The pricing of the yet-to-be-released Nintendo Switch 2 (NS2) has sparked heated debates. Initially, its international version’s $450 price tag drew fierce criticism from gamers. Then, after the U.S. announced tariff hikes on certain imported goods, Nintendo delayed opening pre-orders in the U.S. and Canada, causing secondary market prices to skyrocket to $600 or higher.
However, these fluctuations hardly concern Japanese gamers, as the NS2 is essentially being “sold at a loss” domestically. The Japanese version is priced at 44,980 yen. While not exactly low by Nintendo’s usual hardware pricing standards, this nearly 50,000 yen tag seems remarkably "consumer-friendly" compared to international prices.

What excites Japanese players even more is expert analysis suggesting the NS2’s production cost sits around $349. Hideki Yasuda, an analyst at Toyo Securities, even estimated in a Bloomberg interview that manufacturing costs could reach $400—meaning the Japanese version is likely sold at a loss.

Given that “Nintendo” and “fire sales” rarely appear in the same sentence, this apparent loss-leading strategy has been interpreted as a nod to “Japan’s pivotal role in gaming’s future” and “Nintendo fulfilling its duty as a national brand.” Some fans have even hailed it as a boost for “national pride.”
Critics, however, argue this is simply regional price discrimination, reflecting differences in purchasing power.

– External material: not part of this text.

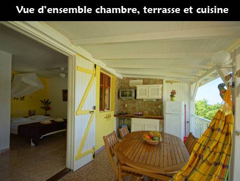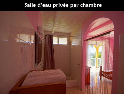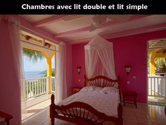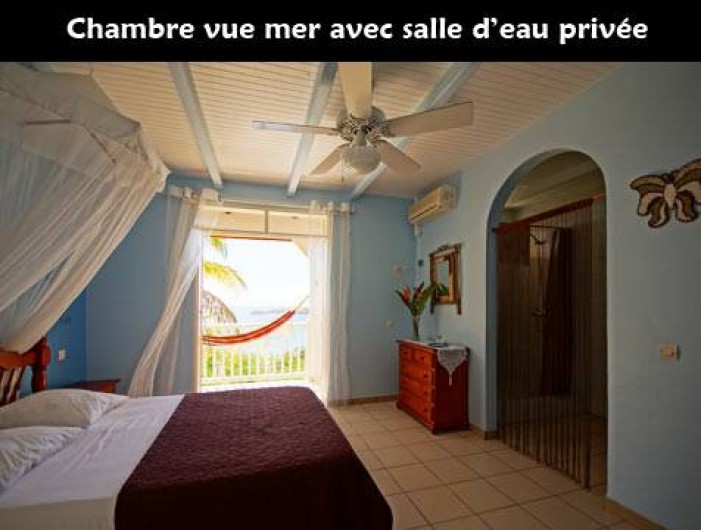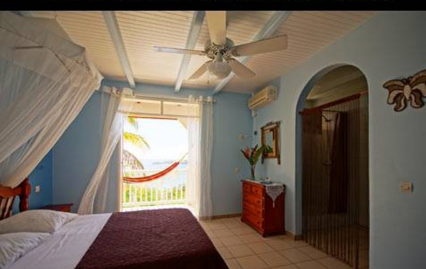 Le gîte propose cinq chambres d'hôtes spacieuses à la location pour un séjour inoubliable en Guadeloupe. Quatre chambres ont vue sur la baie de Malendure, une chambre donne sur le jardin tropical.

The lower Japanese price, they claim, signals weakening domestic buying power. Even if the Japanese version loses money, Nintendo could recoup losses via overseas sales and software/merchandise revenue.

Others compare it to Sony’s classic playbook: selling hardware at a loss initially to build a user base, then profiting from ecosystems—a common console business model.

Additionally, splitting prices by language could help curb scalping, a major issue during the original Switch’s launch. Currently, most NS2 units are produced in China, with about a third from Vietnam. U.S. customs records reviewed by Bloomberg show minimal Vietnamese shipments until 2024 when nearly all Vietnam-made units were diverted to the U.S. in the first two months.
Data from assembler Hosiden Corp. reveals February shipments from Vietnam to the U.S. exceeded the previous six months combined, suggesting Nintendo has stockpiled millions of NS2 units stateside ahead of its June launch.

This strategy signals Nintendo’s attempt to flood the market early, squeezing scalpers’ opportunities. If Japanese units are scalped while multilingual editions remain abundant, price inflation could be mitigated.
Still, whether Nintendo’s “prioritize Japan, profit overseas” approach will work remains uncertain—scalpers, after all, are notoriously resourceful when profits beckon.